Рейнольдс вытер губы ладонью:
– Увидело твое лицо, разумеется.
«Ну, конечно! Оно увидело мое лицо и захотело его себе, но не могло украсть облик мертвеца, поэтому не тронуло». Разгадка оказалась захватывающей, она объясняла все поступки существа. Гэвин ощутил вкус той страсти, что переполняла Рейнольдса. Вкус раскрытой тайны.
– Человек в термах. Которого ты нашел…
– Да?..
– Он помешал сделать с собой то же самое, верно?
– Наверное. Поэтому его тело и не тронули, а просто запечатали. Никто не понимал, что он погиб, сражаясь с существом, которое решило украсть его жизнь.
Картина была почти, чтоб ее, завершена. На остальные вопросы ответ дал гнев.
Этот тип был в шаге от того, чтобы убить его и накормить им свое чучело. Ярость Гэвина вырвалась на свободу. Он схватил Рейнольдса за грудки и встряхнул.
Это кости или зубы громыхнули?
– Оно почти заполучило мое лицо, – Гэвин смотрел в налитые кровью глаза Рейнольдса. – А что будет, когда его трюк наконец сработает?
– Даже не знаю.
– Опиши самое худшее!
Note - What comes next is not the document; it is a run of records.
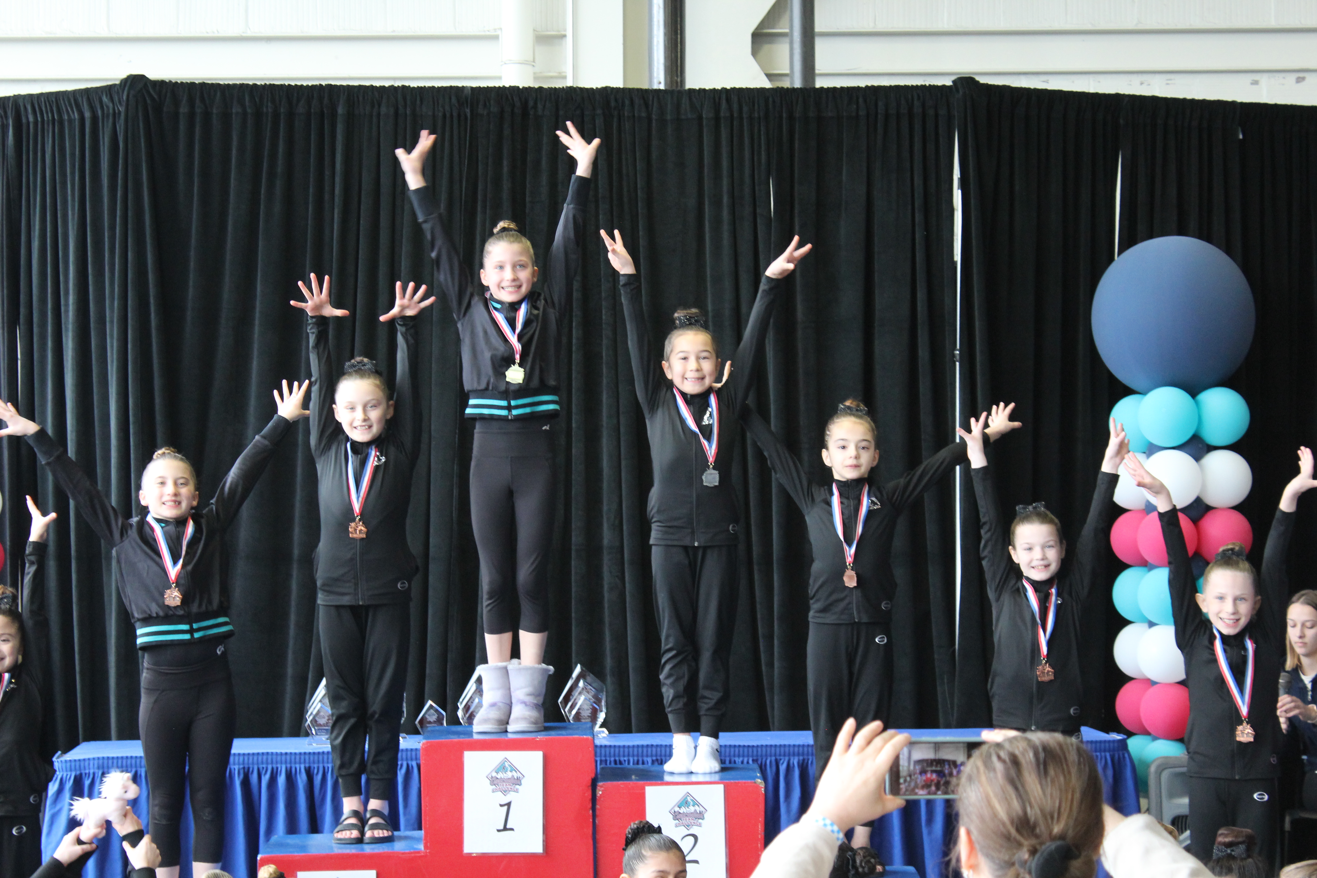 The medalists saluting the audience. Ella is the second from the right.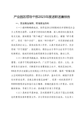 产业园区领导干部2023年度述职述廉报告一、坚定政治信仰,把准政治方向(一)旗帜鲜明讲政治。始终坚持以XXX新时代中国特色社会主义思想为指导,认真学习党的XX大精神,深入研读XX大报告及有关文献,深刻领悟两个确立的决定性意义,增强四个意识、坚定四个自信、做到两个维护,切实把讲政治落实到具体行动上、落实到各项工作中。认真开展政治学习,充分用好学习强国、报纸期刊、微信公众号等平台自觉学习党的创新理论,做到用新理念新思路新办法指导实践、推动工作。(二)强化学习提能力。紧跟社会形势发展变化和工作实际需要,认真学习规划领域知识,广泛学习政治、经济、文化、法律等各方面知识,不断提升自身履职能力水平。特别是2023年,XXX总书多次就国土空间规划工作作出专门部署,强调要强化国土空间规划和用途管控,落实生态保护、基本农田、城镇开发等空间管控边界,实施主体功能区战略。我第一时间跟进学习XXXXXX重要讲话和指示批示精神,准确把握各项工作要求,时刻做好准备,争取工作主动,推动提升自身工作质量。(三)真抓实干勇担当。及时跟进学习上级关于国土空间规划的重要安排和重要文件,并与局任务目标结合起来,与自身工作职责结合起来,真抓实干、狠抓落实,推动上级各项重大部署走深走实、见行见效。二、坚持恪尽职守,推进重点工作(一)积极推进国土空间规划体系建设。聚焦大连市政府工作部署,根据园区自身发展方向和发展实际,与市级国土空间总体规划同步开展园区国土空间分区规划的编制工作,提出山水林田湖海等自然资源管控要求,保障园区发展空间,合理安排各类用地布局,重点推进以下几个方面工作:一是落实英歌石科学城规划建设,全面提升园区科技创新能力;二是合理布局产学研创新发展空间,构建活跃的园区创新创业生态;三是科学布局产业发展空间,保障园区以数字经济为特色的现代产业集群发展;四是加强与园区国民经济和社会发展十四五规划衔接,保障重点建设项目落地;五是统筹考虑园区空间拓展后的区域协调与功能布局。(二)扎实推进园区国土空间规划。一是按照市自然资源局统一工作部署,完成全区三区三线划定工作,并重点保障英歌石科学城的发展空间;二是对园区划入市级总体规划中心城区部分规划方案进行细化研究,优化用地布局;三是进一步完善英歌石科学城用地布局方案,并加强分区规划与英歌石科学城规划衔接工作;四是加强重点区域规划选址论证工作;五是园区整体风貌控制规划,旨在加强城市设计引导,提升园区建设品质。(三)着力提升规划管理水平。组织召开11次园区规划委员会,审议地块收储情况35宗、选址论证及规划设计条件46件、地块出让划拨置换及收回方案53项、及规划方案5项。办理项目公示8件,核发规划条件37件,规划核实11件,发放《用地预审和项目选址意见书》6件,发放《建设用地规划许可证》9件,《建设工程规划许可证》10件,处理民心网民意网12345等投诉56件,政府信息公开25件。三、履行岗位职责,严守纪律规矩(一)严格落实一岗双责。坚定扛稳自身党建职责,认真落实三会一课、组织生活会、谈心谈话等制度,以普通党员身份参加支部活动。对倾向性苗头性问题有针对性地进行研判引导切实把意识形态工作做在前、做到位。(二)加强廉政建设。持续强化廉洁和作风建设,落实全面从严治党要求,推进科室廉洁文化建设,强化制度意识和法治思维,做到依法依规办事,不断强化制度执行力和治理能力。(三)始终严以律己。严格遵守党章党规党纪,自觉遵守国家法律法规和单位各项规章制度,落实中央八项规定及其实施细则精神和各项廉政规定,严于律己、秉公用权,坚决反对四风特别是形式主义、官僚主义,持续强化清正廉洁行为规范。(四)弘扬良好作风。规划管理工作量大、专业性强,要做好这项工作,就必须勤奋务实、踏实肯干、雷厉风行。工作中我坚持勤勉敬业作风,团结协作、认真负责,在工作中领着干、带头干、具体干,不推诿、不拖延、不敷衍,确保政令畅通、令行禁止。特别是面对疫情防控大战大考,积极响应组织号召,投身防控工作,践行初心使命、积极担当作为、服务工作大局。四、2023年工作中存在的不足一年来,尽管取得了一些成绩,但仍存在一些问题和不足,主要表现在以下几个方面。一是理论武装需要继续入脑入心。工作中越来越认识到学习的重要性,但具体事务性工作占用精力多,更多把重心放在事务性工作上,自己静下心来开展理论学习研究做得还不够,投入的时间和精力还不足,深入思考、学用结合与预期要达到的程度还有差距。二是部分重点工作推进效果还不够理想。受经济大环境影响在推进规划编制工作时有时无法及时到达现场调研,无法有效与各方面对面沟通,对一些工作持续跟踪问效做得不够,导致工作成效不理想。三是工作作风需要继续从严从实。时刻牢记XXXXXX对作风问题任何时候都不能掉以轻心的要求,以严的作风、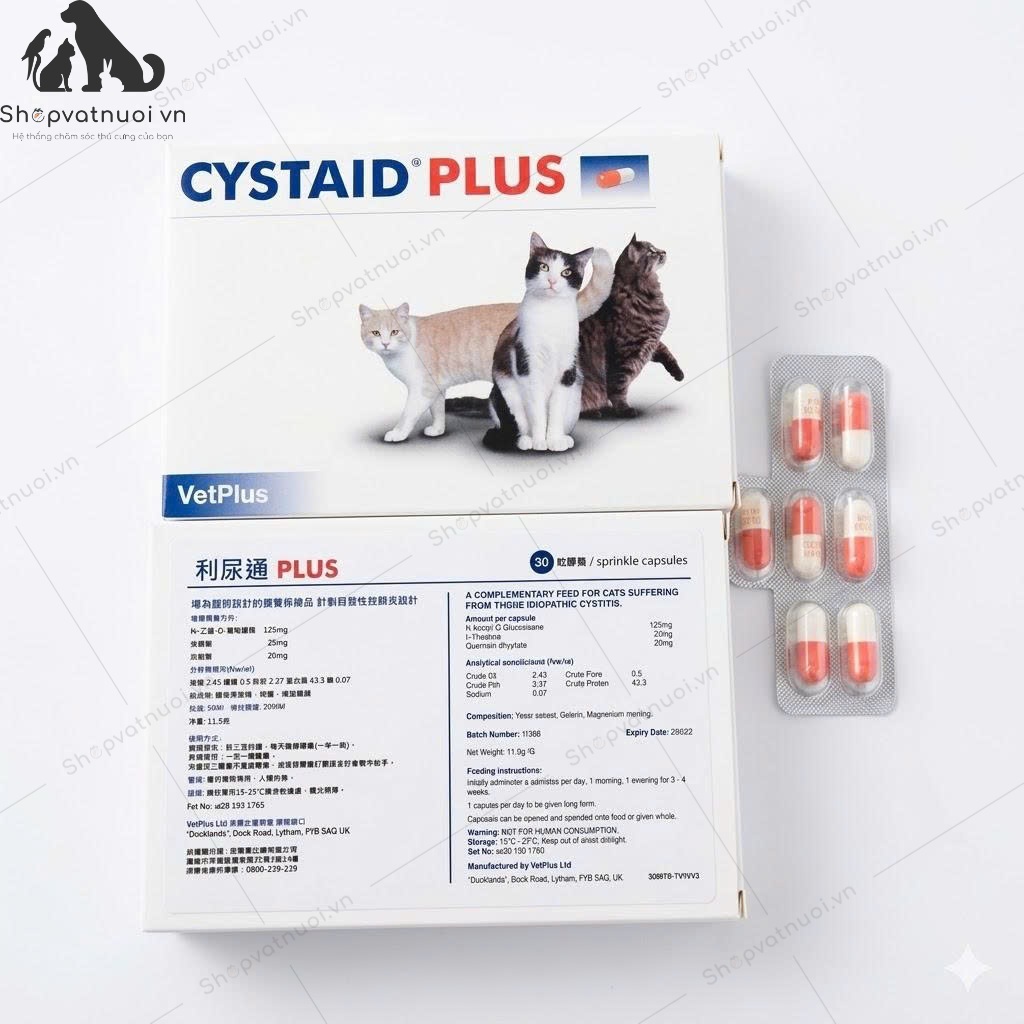 Lưu ý: Hiện nay hãng đã thay đổi bao bì và đơn giản hóa tên gọi từ Cystaid Plus thành CYSTAID®, nhưng thành phần và công dụng vẫn được giữ nguyên để hỗ trợ bàng quang cho mèo.

Говори!
– Это лишь догадки, – ответил Рейнольдс.
– Тогда угадывай!
– Когда его физическое подобие станет идеальным, оно, я думаю, украдет то, что не способно подделать, – твою душу.
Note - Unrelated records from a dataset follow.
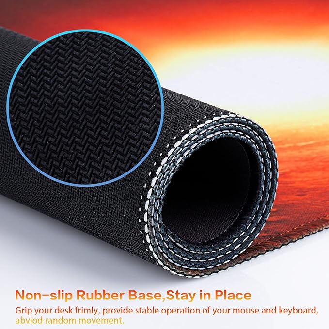 - 【Large and Extended Size】The size of this XXL large mouse pad is 31.5×15.7inch,which is big enough to fit your full-sized keyboard, mouse, laptop,or other item on the desk,providing more space for professional gaming or office work. Besides,you can also use this extended mouse pad as a desk pad,writing pad,platform protection mat. Keep your desk clean and uncluttered.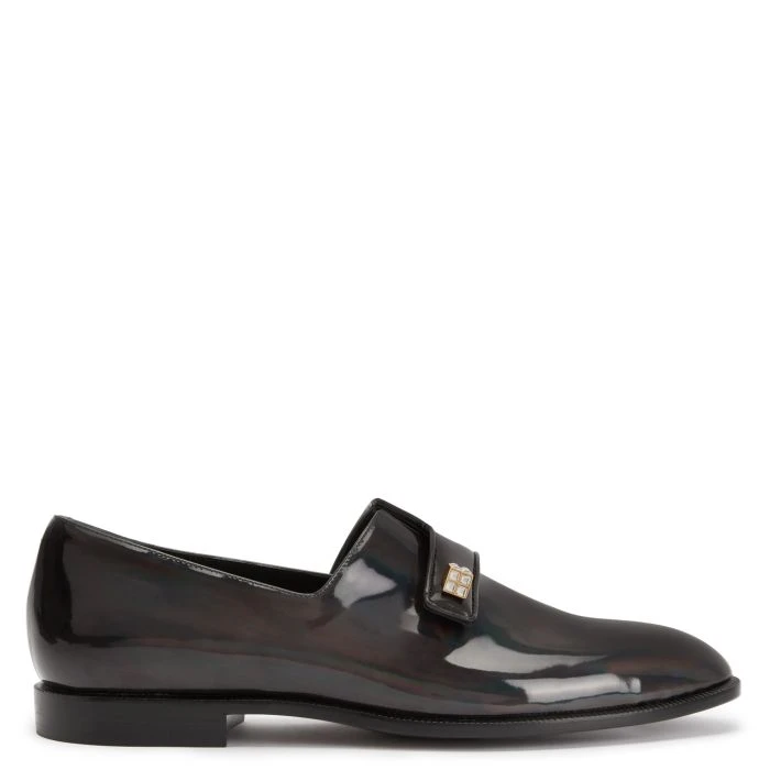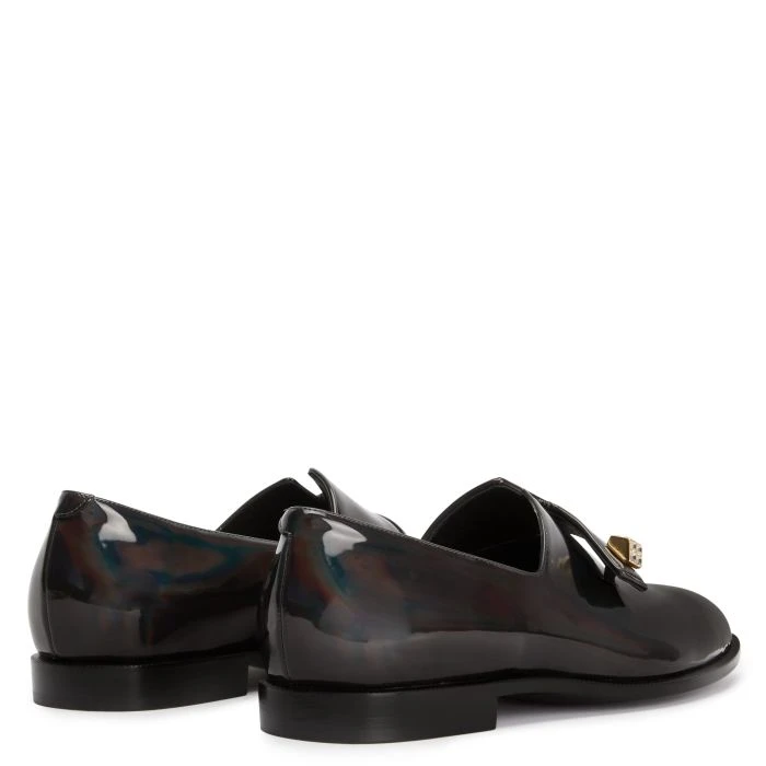 These loafers, crafted from grey laminated leather with leather interior and sole, are embellished with a golden metal ‘Pyramid’ jewel accessory with crystal rhinestones on the vamp.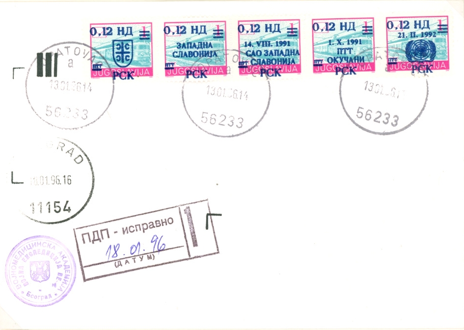 Prikazujem kako izgleda početak jedne PREVARE. Marke su sa „privatnim pretiskom. Zloupotrebljeni su poštanski žigovi Opatovac i Beograd kao i oba štambilja na kovertu. Naknadno na ovakva pripremljena pisma unosi se adresa kada se pronađe kupac.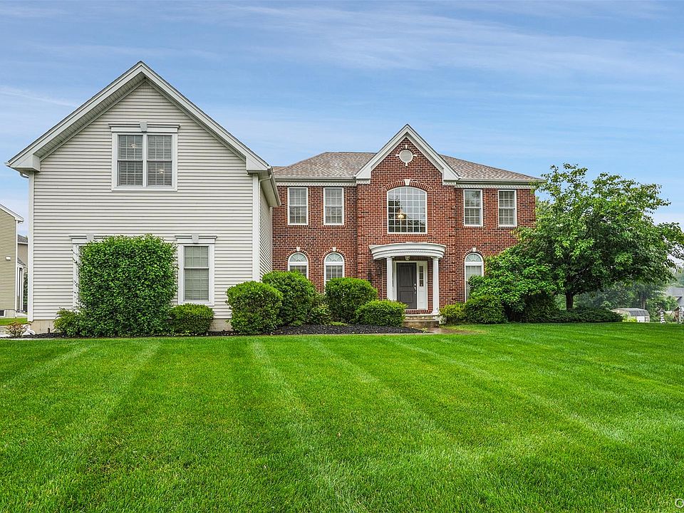 Nestled in sought-after Four Corners this stately brick-face Colonial blends comfort, style and convenience. Boasting five bedrooms and three full baths on a premium, level lot. The Grand two story entry flows into a Great room with vaulted ceilings, gas fireplace and a wall of windows. The gourmet Kitchen with large center island is well equipped. The elegant Living room and dining room feature hardwood floors, tray ceilings and custom moldings. Home office with built-ins, guest bathroom, and convenient laundry complete the main level. An expansive primary bedroom suite includes a spacious sitting room, tremendous walk-in closet, and a spa bathroom. The basement level features an additional bedroom and full bath along with a recreation room with many potential uses. The spacious three car garage has plenty of extra room for storage and the lush, level yard with stone patio could easily accommodate an in-ground pool. You will love the recently renovated 20K sq. ft. clubhouse and resort style amenities: outdoor pool, tennis courts, indoor and outdoor basketball courts, a 5-acre park, nature trails, 2 playgrounds, and a retail center. Something for everyone with indoor gym/fitness center, sauna, billiards room, Movie Theater and room for private events. Sought after muni water, sewer, gas heat; plus whole house generator and owned solar panels. Located just minutes from top-rated schools, shopping, and major commuter routes this property combines small town charm with big-time convenience!

Рейнольдс больше не боялся Гэвина. Его голос смягчился, как будто он говорил с приговоренным. Старик даже улыбнулся.
– Ублюдок!
Гэвин притянул Рейнольдса ближе. Белые капли слюны окропили щеки старика.
– Тебе же все равно! Тебе насрать, да?
Он ударил Рейнольдса по лицу, раз, другой. Бил и бил, пока не выдохся.
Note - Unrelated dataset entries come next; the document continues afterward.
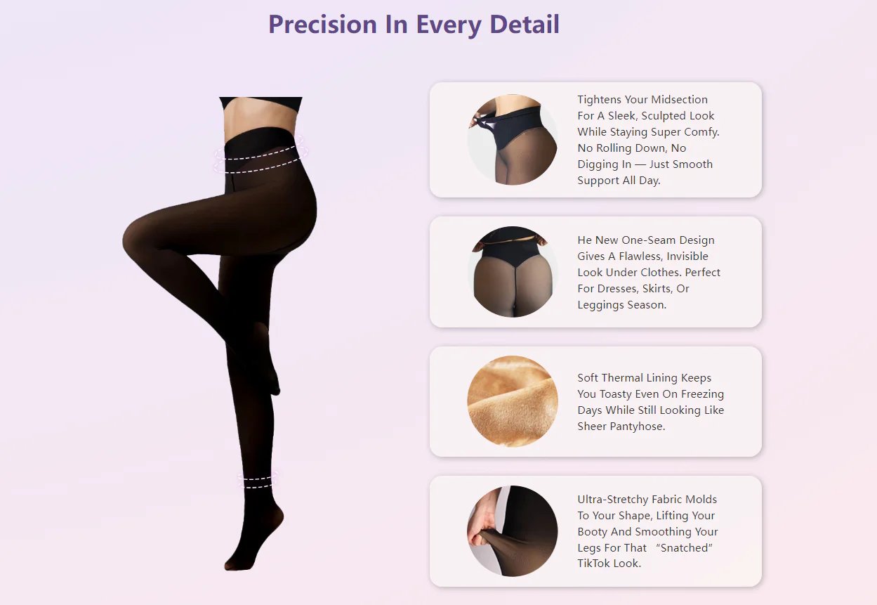 Lined with ultra-soft baby fleece for cozy warmth without bulk. Super-stretch fabric hugs your legs naturally, moves freely, and creates a flawless sheer effect that looks just like real skin.
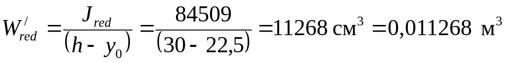 Wred = Jred / y0 = 84509/22,5 = 3759 см3 = 0,003756м3.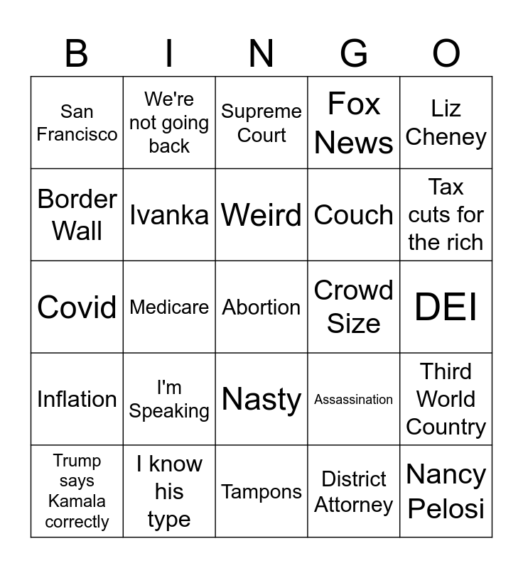 This bingo card has a free space and 24 words: I'm Speaking, I know his type, Weird, Trump says Kamala correctly, Liz Cheney, San Francisco, Border Wall, We're not going back, Crowd Size, Nasty, Couch, Covid, Assassination, Third World Country, Ivanka, District Attorney, DEI, Supreme Court, Tax cuts for the rich, Medicare, Nancy Pelosi, Inflation, Fox News and Tampons.

Старик молча терпел побои, его голова моталась из стороны в сторону, кровь слетала с опухших век и снова набегала.
Наконец удары прекратились.
Рейнольдс стоял на коленях, сплевывая осколки зубов.
– Я это заслужил, – пробормотал он.
– Как мне его остановить? – потребовал ответа Гэвин.
Рейнольдс покачал головой.
– Невозможно, – шепнул он и схватил Гэвина за руку. – Прости, – произнес он, развернул сжатый кулак и поцеловал линии на коже.